Orthopedic research has also found its place in the bioprinting field. Before the use of bioprinting, bone tissue engineering consisted of seeding cells on prefabricated scaffolds designed to support cell growth and waiting for the construct to become functional [113]. Zhai et al. used bioprinting technology to evenly distribute cells throughout the scaffold, while using a combination of 2 bioinks to achieve cell viability of more than 95%. The first ink consisted of polyethylene glycol diacrylate (PEGDA) and laponite XLG nano clay. The second ink consisted of hyaluronic acid sodium salt and rat osteoblasts. The two inks were printed in alternating layers to create the scaffold. The PEGDA and clay ink made the scaffold mechanically stable, while the hyaluronic acid and osteoblast ink was utilized to ensure even cell distribution throughout the scaffold and increased cell viability [6]. Similarly to Zhai, Murphy et al. used a dual ink printing process to create a scaffold with alternating layers of polycaprolactone (PLC) and bioactive borate glass composite with adipose stem cells in a Matrigel solution. Both the Matrigel and the PLC and borate bioinks provided conditions that not only supported cell growth, but were also angiogenic, poststimulatory, and anti-microbial. The combination of these properties shows great promise for future work in the bone tissue engineering field [5]. Lui et al. developed a bioink consisting of oligo(poly[ethylene glycol] fumarate) (OPF) and gelatin to create porous scaffolds for osteoblasts and neuronal cells. The gelatin was added in various concentrations to make a hydrogel that was able to be continuously extruded during printing. The gelatin was dissolved when the printed construct was placed in cell culture media, which created a porous scaffold that allowed for nutrients to reach the encapsulated cells more easily. Both the osteoblasts and neuronal cells showed high cell viability and good proliferation [87]. While there have been many advances in 3D bioprinting bone and cartilage tissue constructs, challenges are still being faced when trying to tailor the degradation rate of the bioink with cell growth. Another challenge is recapitulating the complexity of native tissue in a 3D bioprinted construct [113].

5. Summary and conclusions

In summary, there are multiple bioprinter types that are compatible with different carbon- based bioinks, the most common being the extrusion bioprinter.

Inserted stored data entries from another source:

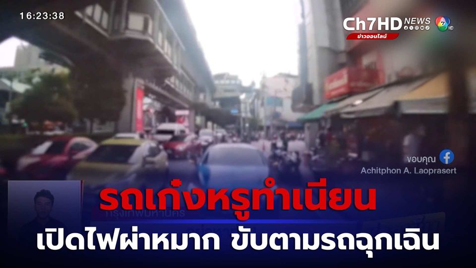 ข่าวเย็นประเด็นร้อน - รถหรูลักไก่! ขับจี้ตามท้ายรถฉุกเฉิน ญาติบนรถเห็นยืนยัน ไม่ใช่ญาติฉัน ถ่ายคลิปไว้หวั่นเกิดอุบัติเหตุ
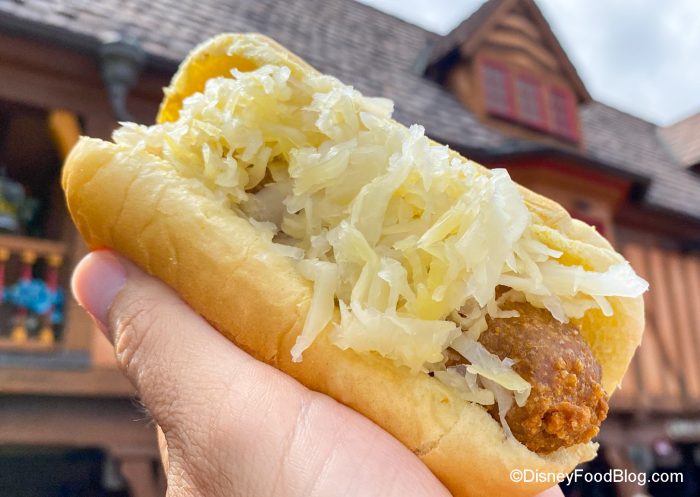 Do you see the differences here? First, it was served to us without the sauerkraut. When we asked, a Cast Member got us a side of sauerkraut. But the big thing here is that we were promised a pretzel bun, and instead we were served a regular hot dog bun.
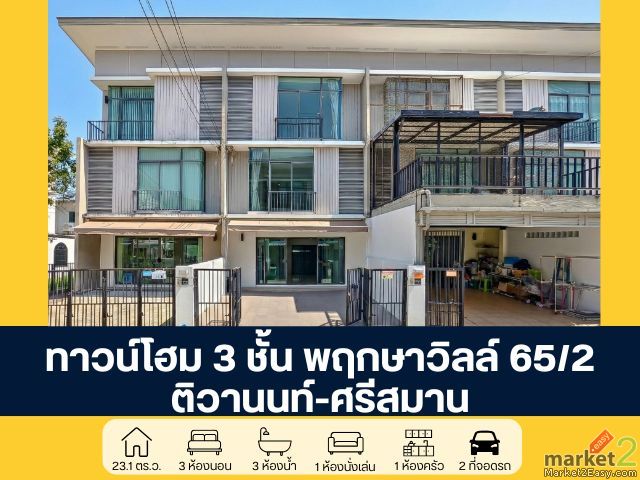 การเดินทาง : • ทางด่วน : ทางพิเศษอุตรภิมุข , ทางยกระดับอุตราภิมุข • รถไฟฟ้า สายสีแดง สถานีดอนเมือง กม.4 เพียง 6.7 กิโลเมตร • เดินทางได้หลายเส้นทาง ถนนศรีสมาน,ถนนสรงประภา,ถนนติวานนท์ ที่ตั้ง : โครงการพฤกษาวิลล์ 65/2 ติวานนท์ - ศรีสมาน ซอยศรีสมาน 3 ถนนศรีสมาน ตำบลบ้านใหม่ อำเภอปากเกร็ด จังหวัดนนทบุรี

The hydrogels used for bioinks all have shortcomings. For some, it is poor material properties that limit the bioink’s ability to be used when bioprinting large constructs because the bioink cannot support itself or the cellular activity that occurs within the construct. For others, it is limited or has no biocompatibility and biomimicry which inhibits cellular growth and proliferation, leading to cell death. In efforts to fix these shortcomings, two or more hydrogels are combined to form composite bioinks with good mechanical properties and good biological properties. Rheological testing has been used to determine if these bioinks are compatible with the bioprinting process, testing for material properties such as viscosity, yield stress, and viscoelasticity. These properties along with other printing parameters have been shown to affect the overall quality of the printed construct which is frequently called printability. There are many qualitative and quantitative definitions for printability as well as other commonly used terms like print accuracy and print fidelity. Some have introduced ways to quantify these values, but their methods are not widely used, making it difficult to compare printed constructs across multiple studies with different bioinks. Despite the lack of consensus on how best to describe the final printed construct, bioprinting has expanded into numerous areas of medicine, including drug development and testing, as well as cancer research.

Future research should focus on establishing standardized definitions and evaluation metrics for printed constructs to enable meaningful comparison across studies and to accelerate clinical translation.

Conflict of interest statement

The authors declare no conflict of interest.

Funding statement

This research received no external funding.